The surface of the second carrier 21 for carrying the second workpiece 2 is a plane, and the surface area of the second carrier is larger than the area occupied by the second workpiece 2, so that the second workpiece 2 can be easily placed on the second carrier 21 by manual or mechanical equipment, the second attaching side 201 is approximately directed toward the first carrier 10, and the first positioning element 22, the second positioning element 23, the third positioning element 24 and the fourth positioning element 25 can be matched to automatically position and correct the second workpiece 2, thereby reducing the feeding requirement on the second workpiece 2 and improving the feeding efficiency.

Referring to fig. 8, fig. 8 is a schematic structural view of a bonding driving mechanism in the bonding apparatus shown in fig. 2.

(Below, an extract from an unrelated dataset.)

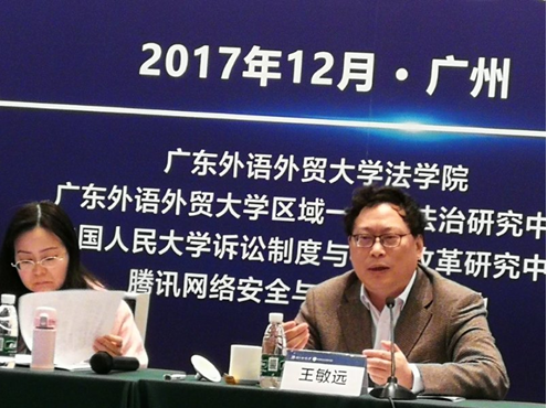 2017年12月2日,由广东外语外贸大学法学院、广东外语外贸大学区域一体化法治研究中心、中国人民大学诉诉讼制度与司法改革研究中心和腾讯网络安全与犯罪研究基地共同主办的“智慧司法与司法改革”研讨会在广州举行。

The attaching driving mechanism 30 includes an adjusting component 32 and an attaching driving component 34, the adjusting component 32 is connected to one of the first carrier 10 and the second carrier 20 for adjusting the alignment of the first workpiece 1 and the second workpiece 2, i.e. the first attaching side 106 is aligned with the second attaching side 201, and the attaching driving component 34 is connected to the adjusting component 32 for driving the aligned first workpiece 1 and the aligned second workpiece 2 to attach to each other.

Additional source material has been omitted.